## Study material
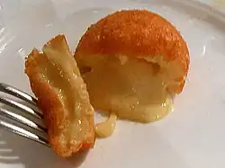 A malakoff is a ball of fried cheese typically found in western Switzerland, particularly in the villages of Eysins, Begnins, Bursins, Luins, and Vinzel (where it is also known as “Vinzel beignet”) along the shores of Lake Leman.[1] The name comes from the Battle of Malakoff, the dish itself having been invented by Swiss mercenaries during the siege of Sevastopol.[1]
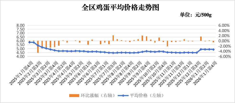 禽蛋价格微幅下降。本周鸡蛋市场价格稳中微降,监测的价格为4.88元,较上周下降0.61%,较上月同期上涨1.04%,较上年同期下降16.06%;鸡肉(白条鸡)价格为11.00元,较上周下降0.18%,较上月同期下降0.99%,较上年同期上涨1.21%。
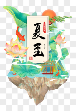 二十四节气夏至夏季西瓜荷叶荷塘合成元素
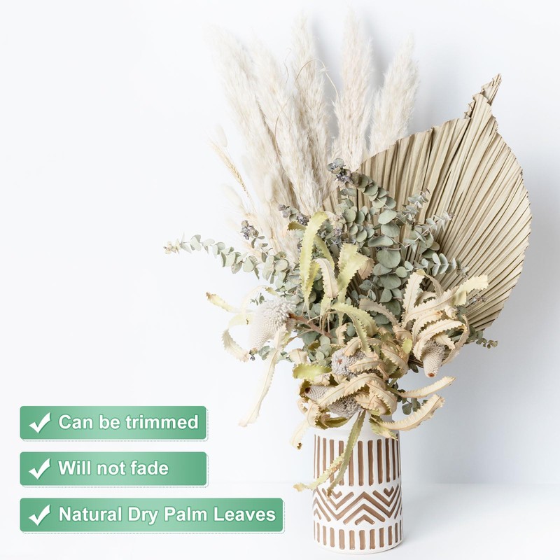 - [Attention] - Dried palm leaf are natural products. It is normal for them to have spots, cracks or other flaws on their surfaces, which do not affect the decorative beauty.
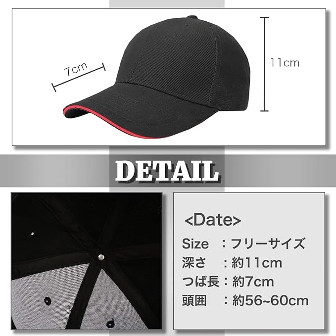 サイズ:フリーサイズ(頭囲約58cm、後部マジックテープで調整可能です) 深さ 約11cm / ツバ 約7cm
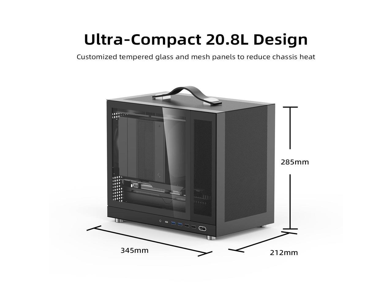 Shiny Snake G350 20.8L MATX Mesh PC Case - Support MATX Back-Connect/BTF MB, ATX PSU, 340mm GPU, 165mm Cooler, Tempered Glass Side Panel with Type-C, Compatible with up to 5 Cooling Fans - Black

==

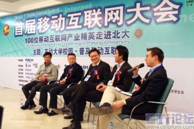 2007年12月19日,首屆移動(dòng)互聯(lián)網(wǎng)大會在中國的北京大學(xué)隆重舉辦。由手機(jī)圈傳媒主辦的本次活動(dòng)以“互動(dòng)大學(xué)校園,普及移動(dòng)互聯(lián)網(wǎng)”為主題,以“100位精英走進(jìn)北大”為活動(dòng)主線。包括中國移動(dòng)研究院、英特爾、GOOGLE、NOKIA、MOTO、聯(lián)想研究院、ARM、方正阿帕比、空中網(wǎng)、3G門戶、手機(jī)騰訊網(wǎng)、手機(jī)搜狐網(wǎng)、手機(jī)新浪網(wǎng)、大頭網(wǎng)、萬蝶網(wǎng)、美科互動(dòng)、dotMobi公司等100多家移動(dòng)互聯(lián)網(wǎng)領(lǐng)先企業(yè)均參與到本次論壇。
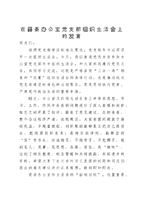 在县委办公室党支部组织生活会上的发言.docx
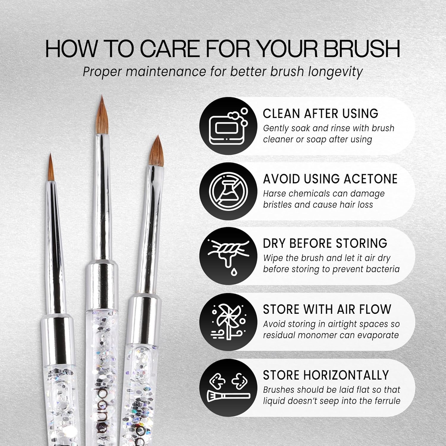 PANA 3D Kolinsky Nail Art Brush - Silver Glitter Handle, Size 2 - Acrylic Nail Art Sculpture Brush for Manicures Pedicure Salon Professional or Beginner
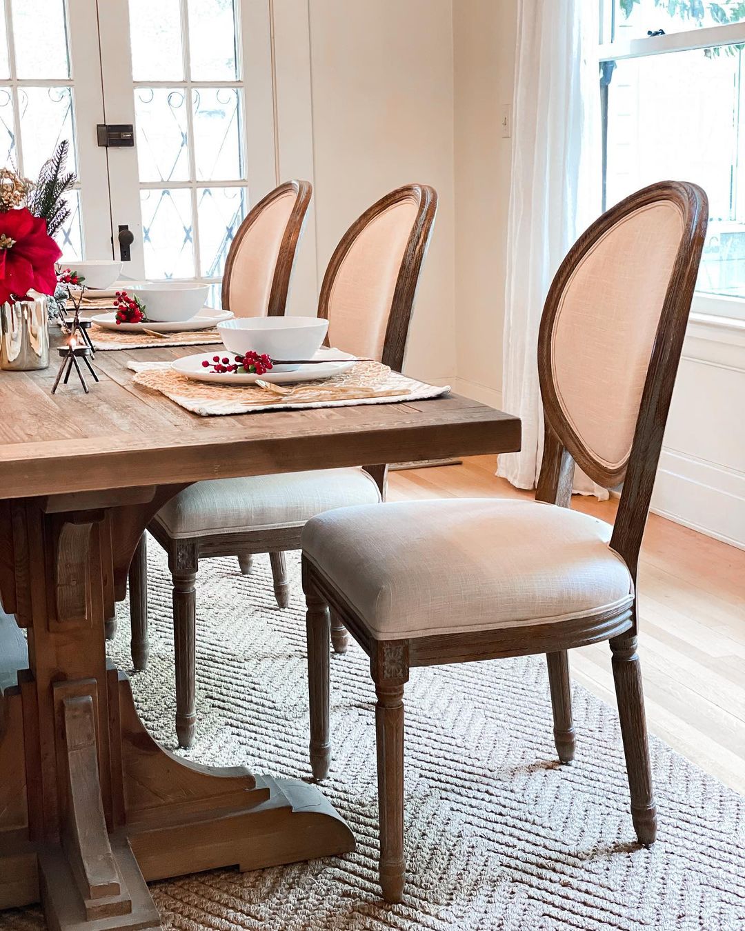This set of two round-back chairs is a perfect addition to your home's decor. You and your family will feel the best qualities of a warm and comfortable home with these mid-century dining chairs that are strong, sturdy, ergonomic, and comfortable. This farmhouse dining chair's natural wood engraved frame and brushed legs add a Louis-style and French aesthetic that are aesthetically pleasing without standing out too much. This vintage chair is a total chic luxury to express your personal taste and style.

## Action item
Each line from the one that contains "A malakoff is" down to the one that contains "サイズ:フリーサイズ(頭囲約58cm、後部マジックテープで調整可能です) 深さ 約11cm" is to be returned exactly as it stands above, both ends included, with pictures removed.

## Solution
 A malakoff is a ball of fried cheese typically found in western Switzerland, particularly in the villages of Eysins, Begnins, Bursins, Luins, and Vinzel (where it is also known as “Vinzel beignet”) along the shores of Lake Leman.[1] The name comes from the Battle of Malakoff, the dish itself having been invented by Swiss mercenaries during the siege of Sevastopol.[1]
 禽蛋价格微幅下降。本周鸡蛋市场价格稳中微降,监测的价格为4.88元,较上周下降0.61%,较上月同期上涨1.04%,较上年同期下降16.06%;鸡肉(白条鸡)价格为11.00元,较上周下降0.18%,较上月同期下降0.99%,较上年同期上涨1.21%。
 二十四节气夏至夏季西瓜荷叶荷塘合成元素
 - [Attention] - Dried palm leaf are natural products. It is normal for them to have spots, cracks or other flaws on their surfaces, which do not affect the decorative beauty.
 サイズ:フリーサイズ(頭囲約58cm、後部マジックテープで調整可能です) 深さ 約11cm / ツバ 約7cm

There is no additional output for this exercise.